Super simple and amazingly authentic Keto Vegan Cornbread. Perfect on the side or underneath our delicious Keto Vegan Chili. (Recipe Here) This low carb treat is made with blanched almond flour and a surprising twist that brings the whole recipe together and will make. you swear you just ate full carb cornbread! Read on!


Ingredients

Units Scale
  • 5 cups Blanched Almond Flour
  • 1 tbsp Baking Powder
  • 1/3 cup Stevia or Monk Fruit Allulose blend ((See Notes for Sweetness guide))
  • 1 tsp Himalayan Pink salt
  • 10 TBSP Miyoko’s European Style Cultured Vegan Butter, Unsalted ((melted))
  • 1 TBSP Avocado Oil for greasing the pan
  • 2/3 cup Unsweetened Soy Milk ((See notes for soy alternatives))
  • 1 tsp of lemon juice ((See Buttermilk notes))
  • 18 TBSP JUST™ Egg
  • 1 tbsp Sweet corn extract

Instructions

  1. Preheat the oven to 400°F (204°C). Grease a 10-inch cast iron skillet with Avocado Oil.
  2. In a large mixing bowl, mix blanched almond flour, baking powder, choice of sweetener, and Himalayan salt.
  3. Stir in the melted butter, almond milk and JUST™ Egg, until smooth. Stir in the sweet corn extract.
  4. Transfer the batter into the skillet and smooth the top with a spatula. Bake for 35-40 minutes, until an inserted toothpick comes out clean and the top is golden brown.

Notes

SWEETNESS GUIDE:
When using Monk Fruit or Stevia Allulose Blend, use this as your sweetness guide.

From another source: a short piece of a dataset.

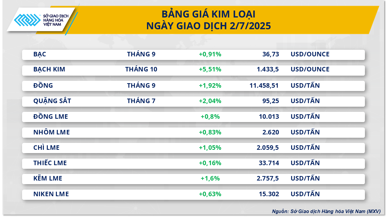 Sở Giao dịch Hàng hóa Việt Nam (MXV) cho biết dòng tiền đầu tư mạnh mẽ đang quay lại thị trường hàng hóa nguyên liệu thế giới, lực mua áp đảo trong phiên giao dịch hôm qua. Đáng chú ý, tâm lý tích cực đang lan tỏa trên thị trường năng lượng sau khi Tổng thống Mỹ cho biết đã đạt được thỏa thuận thương mại với Việt Nam.

  • Lightly Sweet – use 1/3 cup
  • Sweeter – use 1/2 cup
  • Extra Sweet – use 2/3 cup

SOY ALTERNATIVES:
If you have allergies, you may wish to try some other plant-based milk alternatives.

  • We use Organic Westsoy Unsweetened Soy Milk because of its high protein and very low carb content with no other added ingredients.
  • However, if you have a soy allergy, you may use plain unsweetened almond milk.
  • If you have a nut allergy you may use unsweetened oat, rice, or hemp. Let us know if you use one of others and the results that you get!

BUTTERMILK:
We love buttermilk biscuits, cornbread, pancakes etc. Here is the way you can mimic it and keep it vegan and keto!

  • Add the lemon juice to the plant-based milk a few minutes before you mix the milk into the recipe.
  • This will allow the milk to curdle a bit and give that tangy goodness you crave in Buttermilk Cornbread!

CORNBREAD MUFFINS:
Want smaller servings? Or crave a good hot muffin with keto apple butter? Try this!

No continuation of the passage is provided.